Es ist wichtig zu beachten, dass für jede testierende Person eine gesonderte Registrierung erforderlich ist. Dies gilt auch dann, wenn die Erklärungen in einer einheitlichen Urkunde abgegeben worden sind. Wenn Sie also beispielsweise als Eheleute einen Erbvertrag geschlossen haben, fällt die Gebühr des zentralen Testamentsregisters zweimal an, da in diesem Fall zwei Registrierungen angelegt werden​1​.

Ablauf beim handschriftlichen Testament:

Sollten Sie sich für die handschriftliche Variante entscheiden, ist es wichtig, das Testament in amtliche Verwahrung zu geben, damit es registriert werden kann.
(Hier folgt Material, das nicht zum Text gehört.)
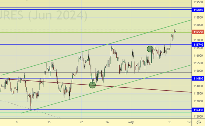 Наконец-то нас вынесло выше 117000 и отметка 119000 в зоне досягаемости. Можно рассчитывать на рост до конца мая, дальше будет продвигаться вверх тяжелее.

Dies erfolgt beim Amtsgericht. Der Prozess der Verwahrung und Registrierung ist automatisiert – sobald das Testament beim Amtsgericht eingereicht wird, übermittelt das Gericht es an das zentrale Testamentsregister.

Bei der Beurkundung durch einen Notar wird das Testament automatisch vom Notar an das zentrale Testamentsregister übermittelt. Sie müssen sich also keine weiteren Gedanken über die Registrierung machen.

Ein weiterer Vorteil der Registrierung ist, dass das zentrale Testamentsregister im Todesfall automatisch vom Standesamt informiert wird. Das Register prüft dann, ob ein Testament vorhanden ist und informiert das zuständige Nachlassgericht sowie die Stelle, die das Testament verwahrt. Dies stellt sicher, dass das Testament gefunden und beachtet wird.

Kosten für ein Testament

Die Kosten für die Registrierung sind analog mit 12,50 € bzw. 15,50 € überschaubar und helfen dabei, den administrativen Aufwand zu decken. Es ist zu beachten, dass für jede testierende Person eine gesonderte Registrierung erforderlich ist, was bedeutet, dass die Gebühr für Eheleute, die gemeinsam ein Testament verfassen, doppelt anfällt.